[Dataset records]
-- -- --

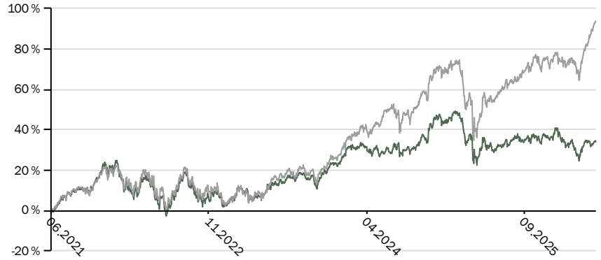
Odin USA A EUR (dark green), Indeksi (grey)
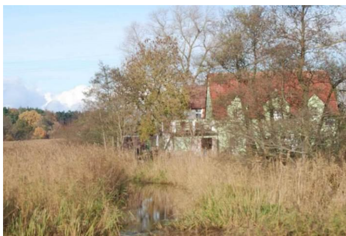
Fot. Widok na Starą Regę po stronie wschodniej wyspy, z dominującą trzciną pospolitą i w sąsiedztwie tereny zabudowane

Po stronie zachodniej wyspy płynie Stara Rega.
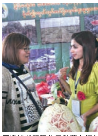
邊城瑞麗聚集了數萬名緬甸及巴基斯坦、印度、斯里蘭卡、尼泊爾籍人員從事各種職業，有人形容，在瑞麗遇上4個人，就有一個外國人。

5月27日開通的昆明—達卡定期國際貨運航線，打通了雲南面向「孟中印緬」經濟走廊的貨運大通道，實現了雲南與孟加拉國之間國際貨物的快速雙向中轉，必將加快雲南與南亞地區的商務交流、貿易往來。目前，昆明機場航線網絡已覆蓋東南亞7國和南亞5國，每周162個航班往返東南亞、南亞，成為中
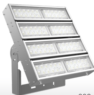
Olymp 2.0 GL CLEANpro 200Вт
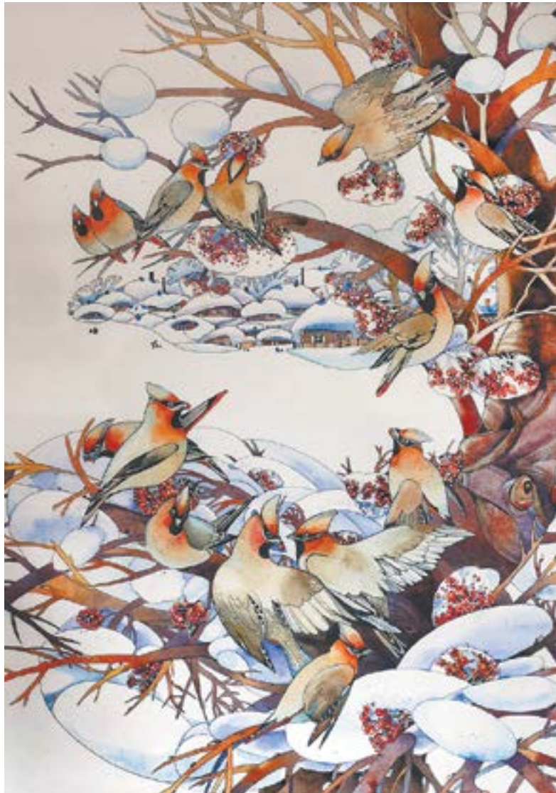
«Птичья симфония», 2022.

-- -- --

> _Work order_:
Search the entries for the string "wyspy". Copy every line that has it.

> _Exercise response_:
Fot. Widok na Starą Regę po stronie wschodniej wyspy, z dominującą trzciną pospolitą i w sąsiedztwie tereny zabudowane
Po stronie zachodniej wyspy płynie Stara Rega.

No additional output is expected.